SOUTH PORTLAND, Maine--(BUSINESS WIRE)--WEX Inc. (NYSE: WXS), a Delaware corporation (the “Company”), announced today that it priced the previously announced offering of 4.75% senior notes due 2023 (the “Notes”). The aggregate principal amount of the Notes is $400 million. The offering is being made to “qualified institutional buyers” as defined in Rule 144A under the Securities Act of 1933, as amended (the “Securities Act”), and in offshore transactions pursuant to Regulation S under the Securities Act.
The issuance of the Notes is anticipated to close on January 30, 2013. The Notes will pay interest on a semi-annual basis.
The Company intends to use the net proceeds of the offering to repay the outstanding amount under the revolving portion of the Company’s senior secured credit facility and to pay related fees and expenses and for general corporate purposes.
The Notes have not been registered under the Securities Act and may not be offered or sold in the United States absent registration or an applicable exemption from the registration requirements of the Securities Act and other applicable securities laws.
This press release shall not constitute an offer to sell or the solicitation of an offer to buy the Notes, nor shall there be any offer, solicitation or sale of the Notes in any jurisdiction in which such offer, solicitation or sale would be unlawful. This notice is being issued pursuant to and in accordance with Rule 135c under the Securities Act.

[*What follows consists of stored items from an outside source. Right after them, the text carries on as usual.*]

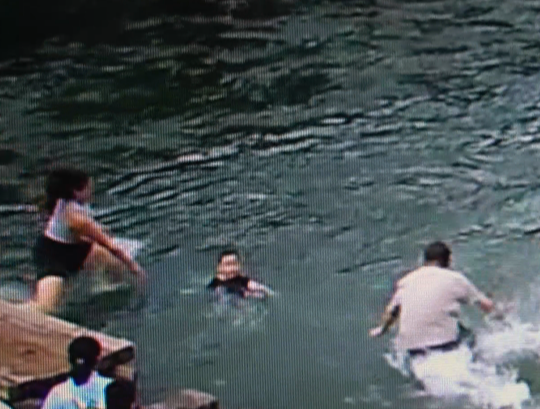 △外国女游客和岸边男孩的爷爷同时跳入水中救人
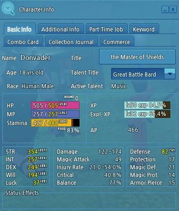 To begin, it has been a long while since I posted on MabiBeats, granted it had been a long while since I had played Mabinogi itself. However, I am glad to be getting back into the groove of things with a fervor. I apologies to MabiBeats and its' creators for being a unproductive user, which I hope to rectify. It was hard to think of something to Post considering I'm not the most educated on how to socialize on the Internet, or compose music by means of MML or related Material... But, now I'm trying to not let that discourage me. So to my question... What do you guys think is important to rank up and skills to acquire as a player on Mabinogi to really hold their own in even the hardest of Challenges? For me, I am a Master Warrior, Great Bard and Great Apothcary post Cumulative level 100 (H) but still feel weak. I have many skills R1 or nearly r1 but when I enter places like Peaca, or even Hard Shadow Missions, I have to run out, if I can, in order to not die. It's not like I don't have decent equipment that are useless, but I feel uncomfortable buying things for a online game, cause I've spend hundreds like that before... I don't like Magic because that's never been my thing plus....SPOOPY so no... magic even if it is op and makes you insta-powerful in this game These are my stats with no weapons equiped with RK Gaunlets and RK Boots I look forward to your replies, I'm genuinely curious and would let your input guys.
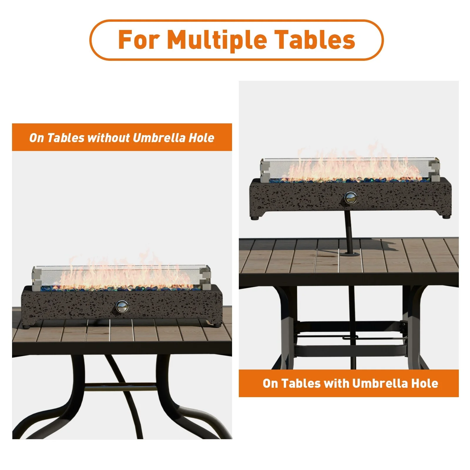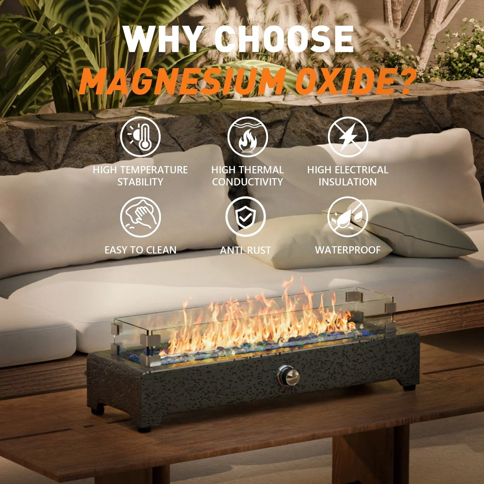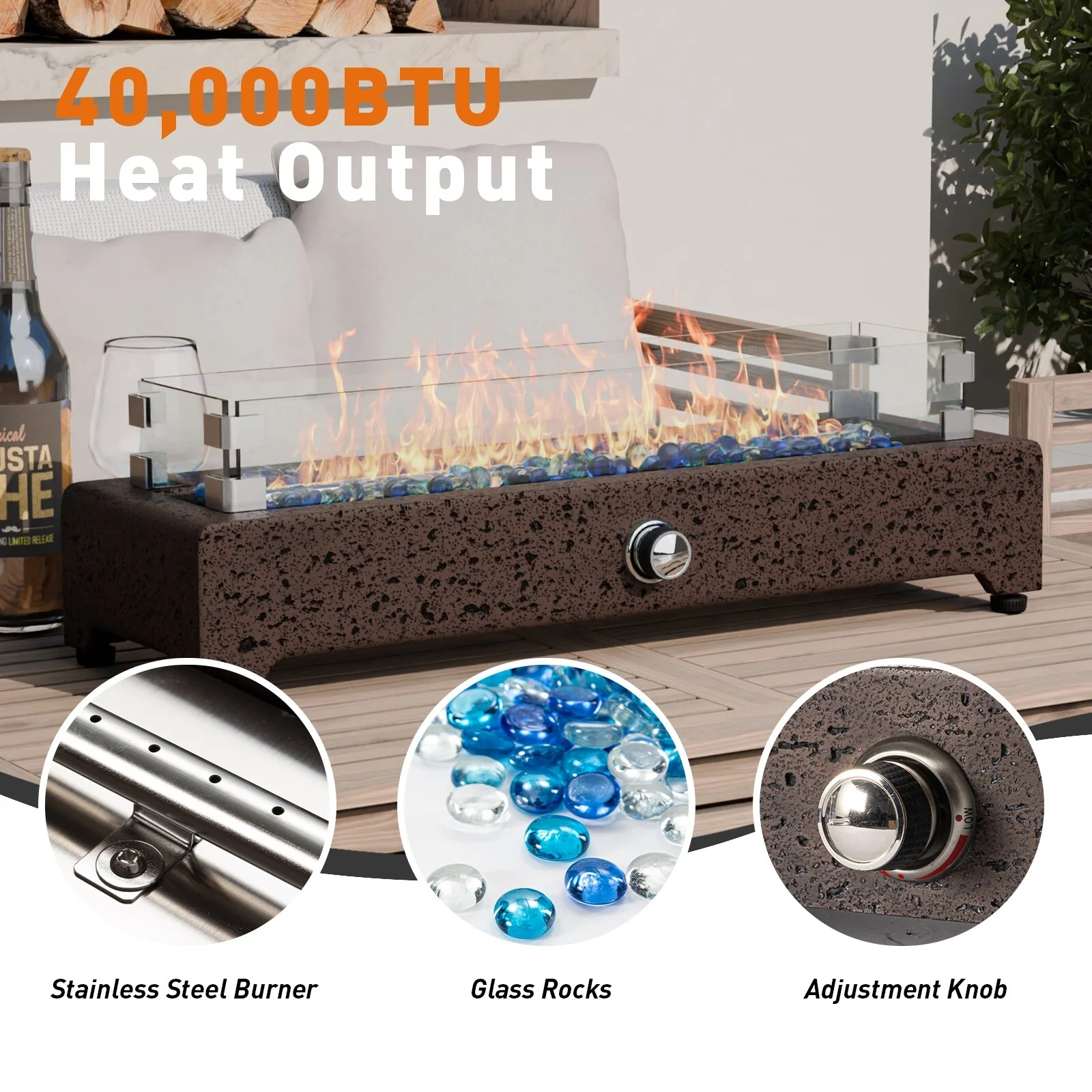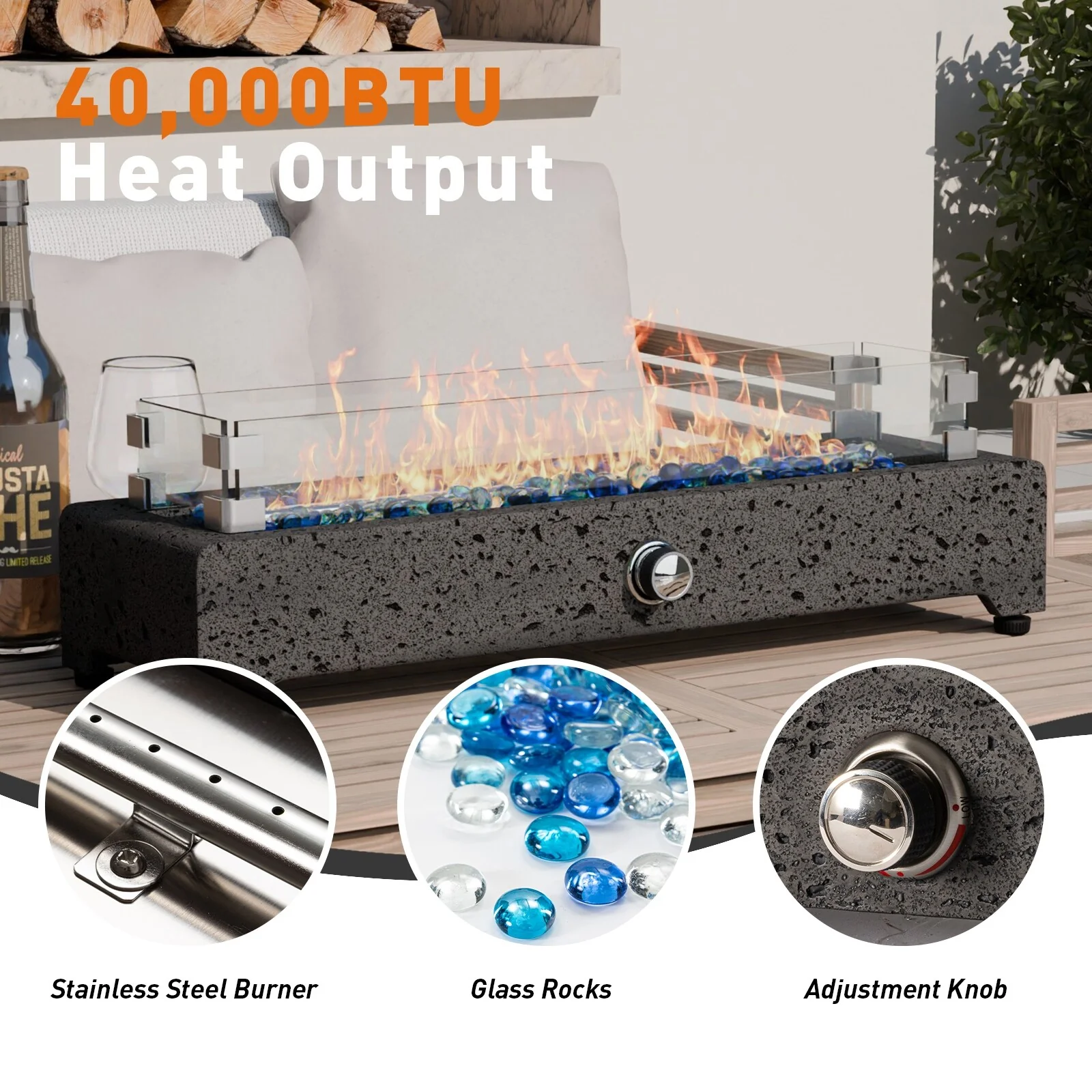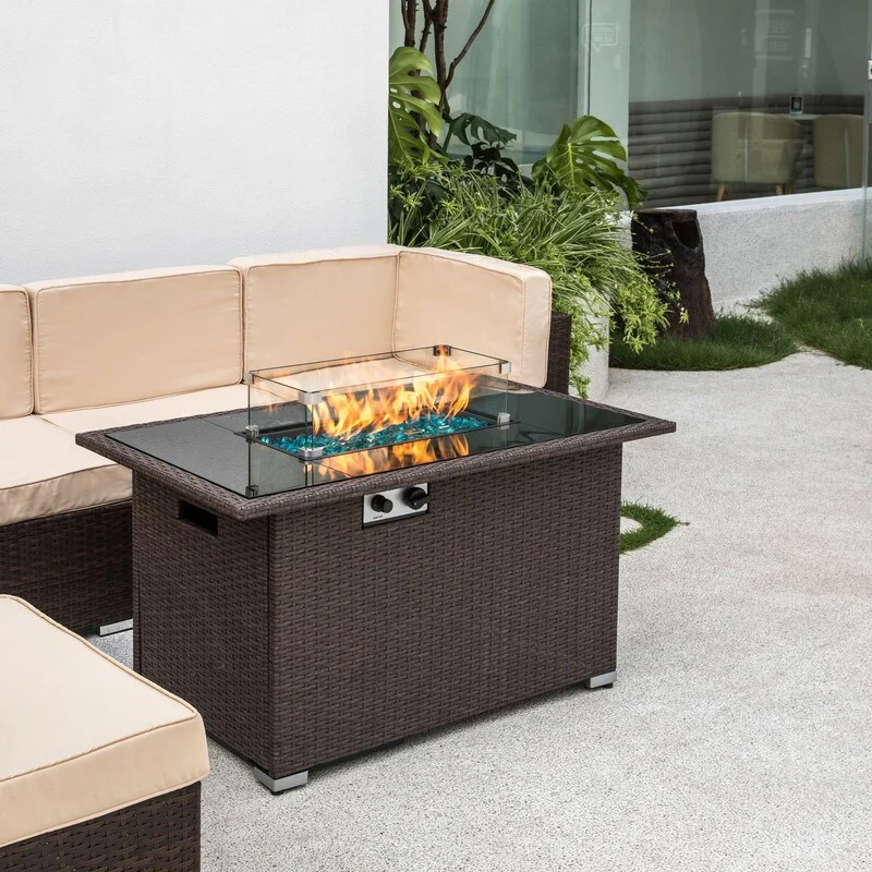 50,000 BTU Rectangle Fire Pit Table with Blue stone and Free Waterproof Cover

Some of the statements in this press release are “forward-looking” and are made pursuant to the safe harbor provision of the Private Securities Litigation Reform Act of 1995. These “forward-looking” statements include statements relating to, among other things, the Notes and the senior secured credit facility. These statements involve risks and uncertainties that may cause results to differ materially from the statements set forth in this press release, including market conditions and the risks and uncertainties referenced from time to time in the Company’s filings with the Securities and Exchange Commission. The Company expressly disclaims any obligation or undertaking to release publicly any updates or revisions to such statements to reflect any change in its expectations with regard thereto or any changes in the events, conditions or circumstances on which any such statement is based.